Adrift in space, on an island that is seemingly separated from the natural world, an island teeming with ordinary people endowed by superpowers and cast into a fate not their own, and teeming, too, with ex-husbands and sexy next-door neighbors, Smedley Jenkins leads a ragtag band of would-be pop singers on a quest to find a new home before they are savagely destroyed...
This Week's Episode: "I Think It's A Commentary On Our Society."
[SCENE: A luxury apartment, located on the island. Smedley, The Fax Pig, and an unknown man are sitting on a luxurious couch drinking luxurious drinks and watching luxurious televisions and eating from luxurious pig troughs. Smedley is talking to the unknown man.]
Smedley: So why is it they call you The Humorist?
Humorist: It's 'cause I've killed a lot of people in my day, and I'm extremely violent.
Smedley: See? I don't get that. It doesn't make a lot of sense to me. Is it supposed to be ironic? 'Cause it's not. You know that, right?
Humorist: That's what I always said to people, too. But they said people will ignore that if we make a lot of oblique references to jokes and humor.
Smedley: Does that work?
Humorist: If it doesn't, then I guess the joke's on you.
Smedley: But... oh. I see. Nicely done.
Humorist: Was it? I can't tell anymore. How about some more luxurious brandy in a luxurious glass, to show that I am decadent?

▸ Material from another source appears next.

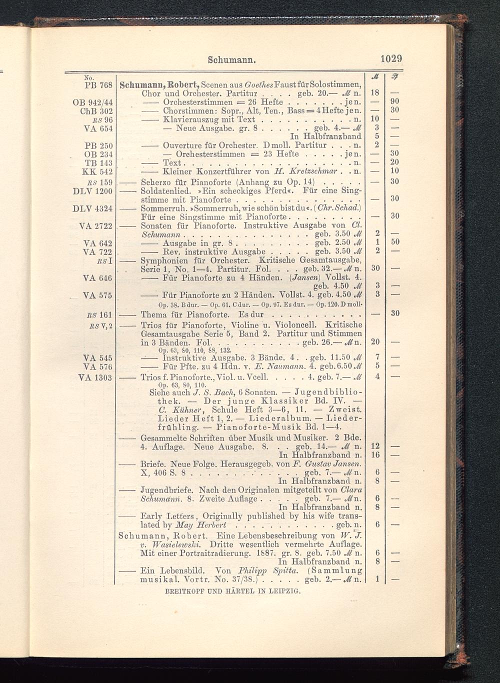 Verzeichnis des Musikalien-Verlages von Breitkopf & Härtel in Leipzig vollständig bis 1902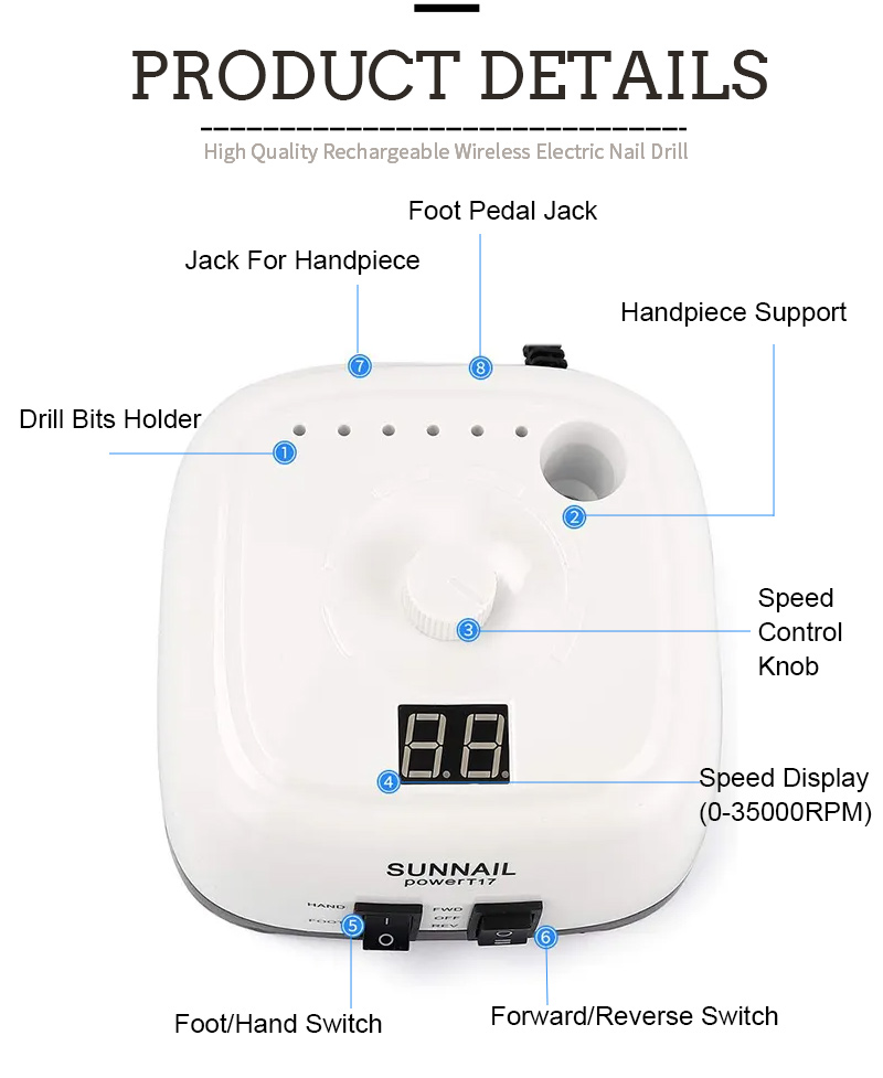 T17: n suurnopeuden 35000 rpm: n kynsilakanpoistoaineen sähkökynsitiedoston tuoteominaisuus ja levitys

Smedley: Great. Bring it on. I think the Fax Pig could use more luxurious swill.
Humorist: I've got lots... what was that?

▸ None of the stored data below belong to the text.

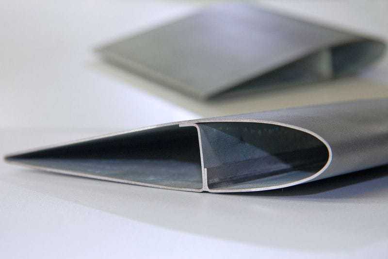 Bei Rotorblättern von kleineren Windkraftanlagen hat der Werkstoff Metall durchaus Chancen gegenüber faserverstärktem Kunststoff. Der Grund liegt in den Möglichkeiten der Wiederverwertung am Ende des Lebenszyklus.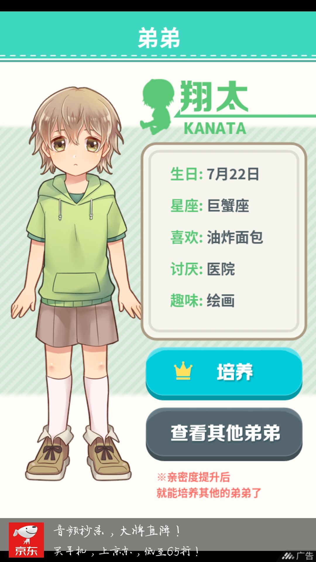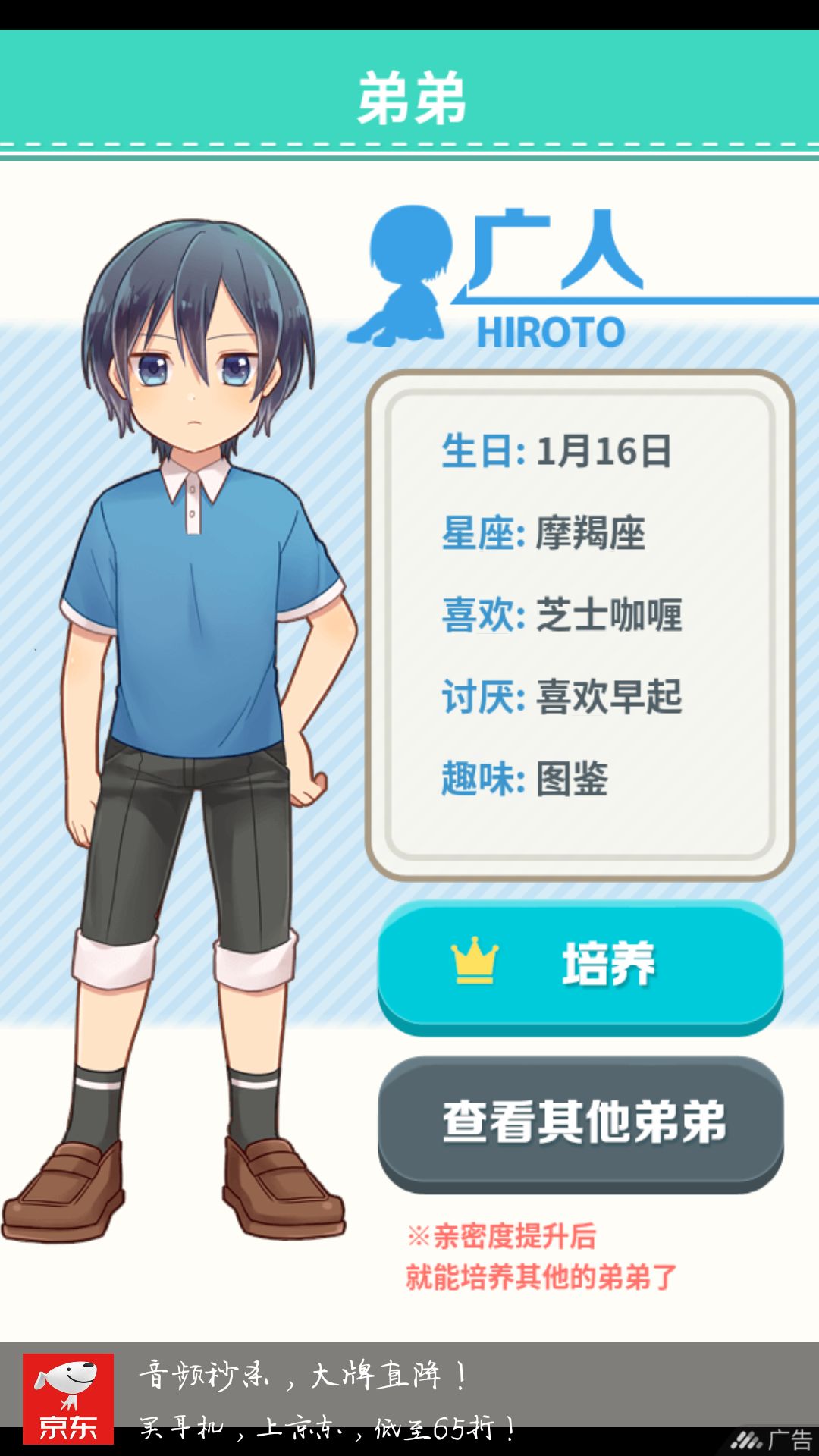 今天是第一天玩,设定选了姐姐,培养的弟弟选了广人(一开始只能选一个,亲密度提升了之后才能选别的弟弟),第一印象广人就给我比较成熟稳重的感觉,对陌生人比较警惕,相处下来发现他并不傲娇只是不太会表达自己的情感,会比较害羞但也会稍稍透露一下自己的感情。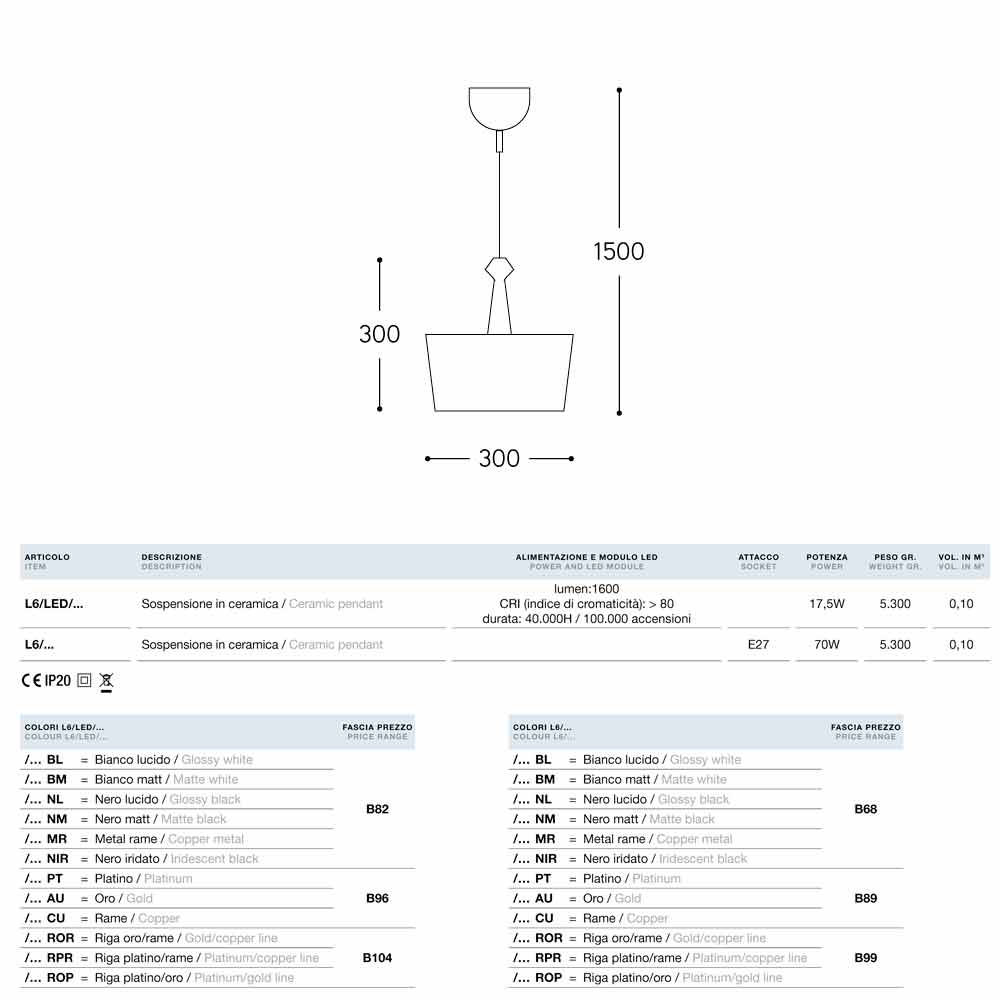 I Lustri 6 ist in verschiedenen Ausführungen und mit Standard E27-Glühbirnenfassung oder LED-Licht erhältlich.

Smedley: Expecting someone?
Humorist: If I was, would I have said "What was that?" Wouldn't I have said something like Oh, hey, there's our other guest?

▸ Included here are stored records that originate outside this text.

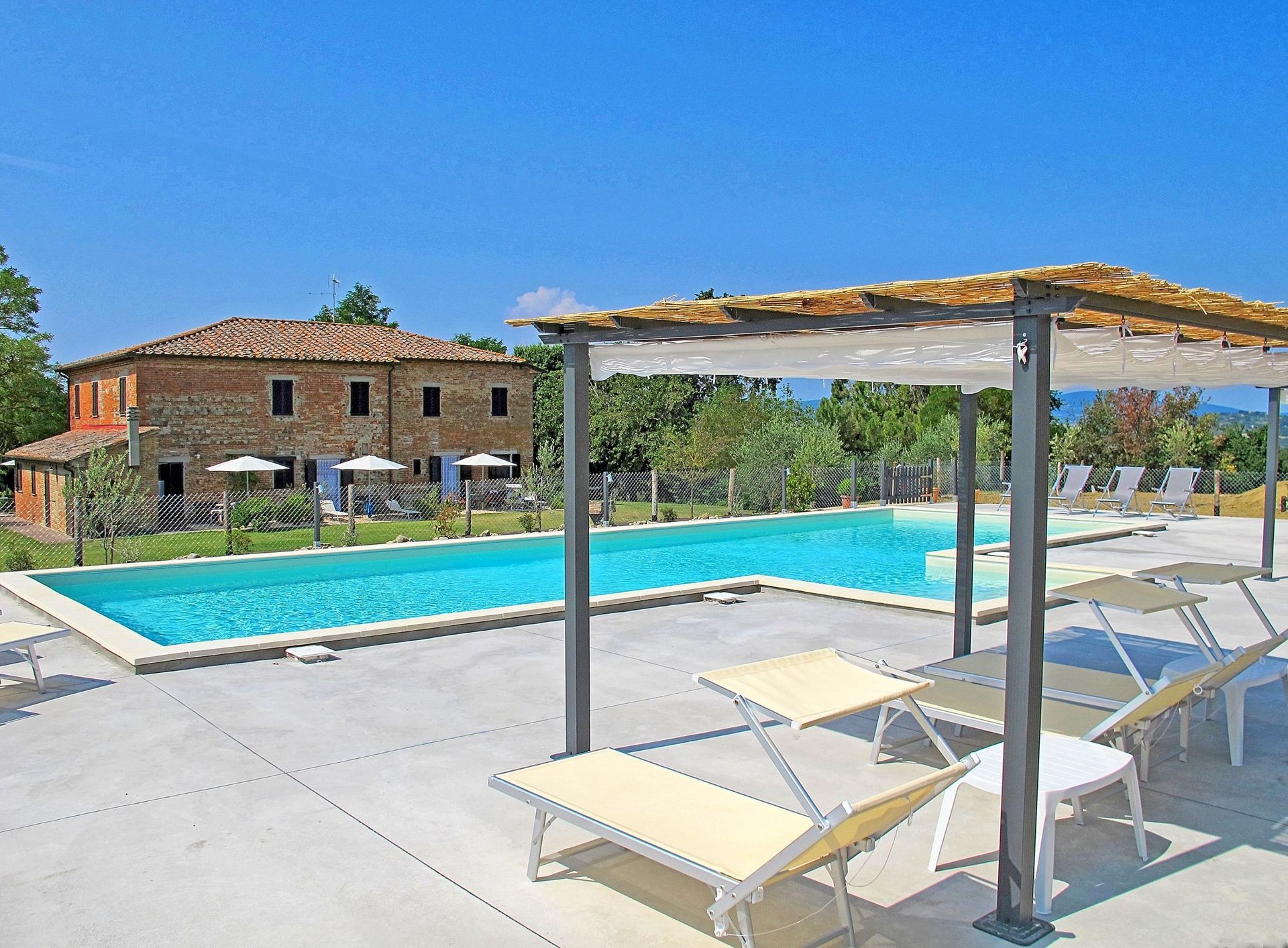 1st floor: living-room with fireplace, dining area, large kitchen corner (oven, freezer, dishwasher, microwaves, American coffee maker) and access on to a small furnished, covered terrace, 5 double bedrooms (convertible into twin-bedded rooms) with ensuite bathroom with shower.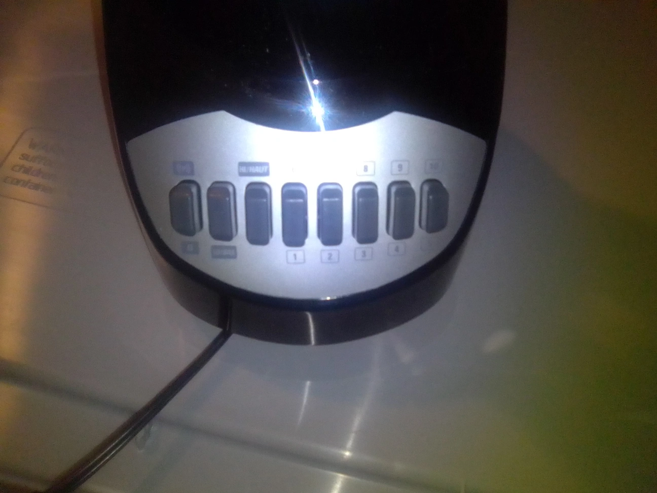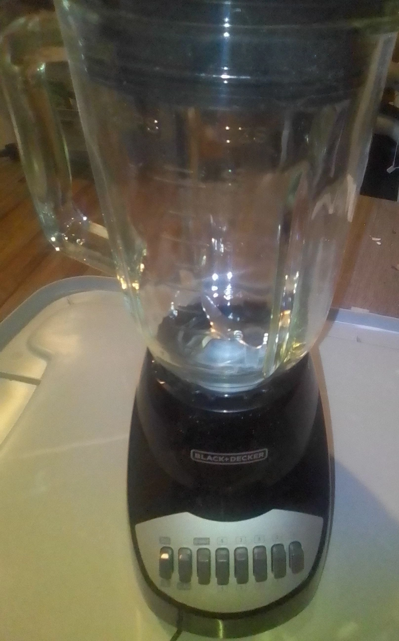 Selling a Black+Decker blender. It has a glass pitcher and a black base with multiple speed settings. Great for making smoothies or other blended drinks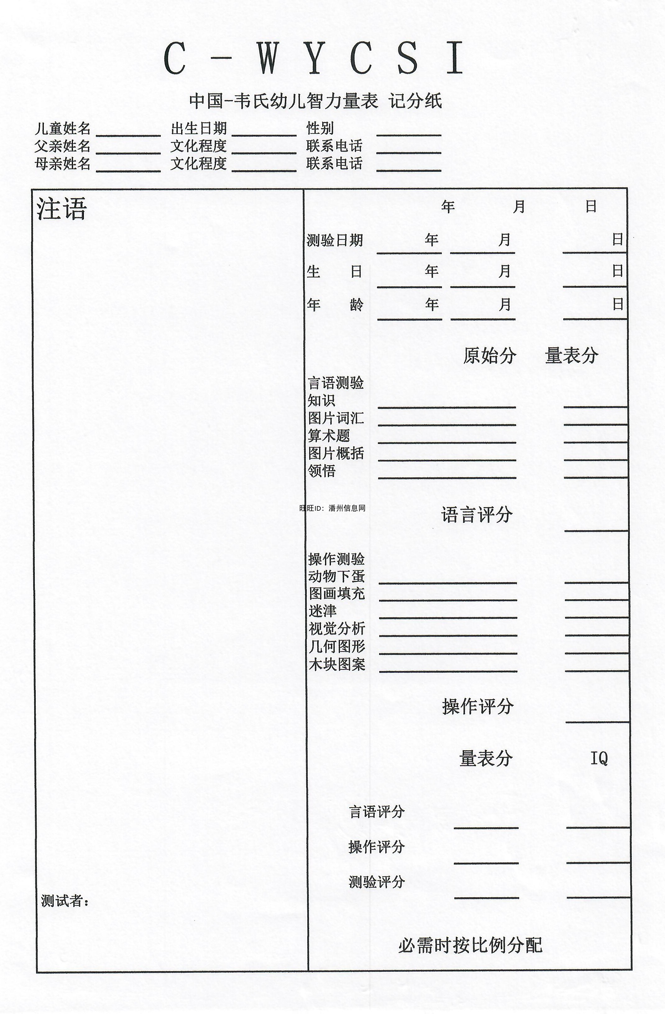 China revised the full set of test toolboxes for Webster Young Children's Intelligence Scale (C-WYCSI) (4-6 years old)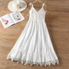 Saia de Praia Midi Fenda Emagrecimento Viagem à Beira-Mar Verão Novo Vestido Sexy Sem Mangas Azul de Alças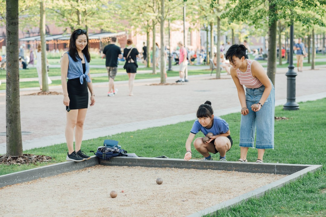 Студия Дианы Вишневой Context Pro по утрам научит асанам из йоги, на площадке для петанка дважды в неделю будет работать инструктор, а на каждое второе воскресенье лета намечен сбор шахматного клуба «Бобби Фишер» с сеансами одновременной игры и уроками от гроссмейстеров – все это на открытом воздухе в парке. А двор «Бутылки» несколько раз за сезон станет рок-н-ролльной танцплощадкой, как в фильме «Стиляги», с бесплатными мастер-классами по буги-вуги и линди-хопу.

Smedley: You don't have to be so mean about it.
Humorist: I guess you just don't get the joke.
Smedley: That was a joke? 'Cause it... oh. Got it.
Humorist: [to a newcomer who just broke down the door] I guess I expected this.
Newcomer: Then how come you're both drunk and not ready?
Humorist: Seems like the joke's on me.
Smedley: Wait, is this some sort of... never mind. Got. Hide, Fax Pig!
[THE NEWCOMER AND THE HUMORIST FIGHT, SUPERVIOLENTLY AND SOMETIMES IN SLOW MOTION, WHICH IS THE NEW WAY OF SHOWING THAT TIHNGS ARE GOING REALLY FAST, AND A WAY BETTER WAY TO DO THAT THEN TO MAKE THE FIGHTS ALL CONFUSING, LIKE SOME MOVIES THAT SEEM TO BE ALL SET ON A 'DARK' 'NIGHT' SEEM TO DO. THE HUMORIST IS EVENTUALLY THROWN OUT A WINDOW AND DIES]
Smedley: [coming out from behind the couch] Why'd you do that?
Newcomer: He owed me money. Twelve bucks.
Smedley: Aren't there laws protecting people from getting violently beaten up in slow motion by debt collectors?
Newcomer: You don't get it, do you? Here in this quasi-alternate society that seems both futuristic and retro...
Smedley: ... And is on an island in space. Don't forget that. Plus I'm friends with my ex-wife, for no real good reason. And I think I run both a paper company and a television studio. Which I really should be getting back to, except my wacky personal life interferes all the time. Plus, did you know that marriage is hard?
[Studio audience laughs.]
Newcomer: Right. Anyway, here on all that, the laws no longer protect us, and people need to get better or get out. Or something like that. I think that's the message I'm trying to send.
Smedley: [Looking out the window] I thought the message you were trying to send was "live on the ground floor."
(Studio audience laughs).
Newcomer: I guess the joke is on him.
Smedley: What do you mean... I, oh. Right.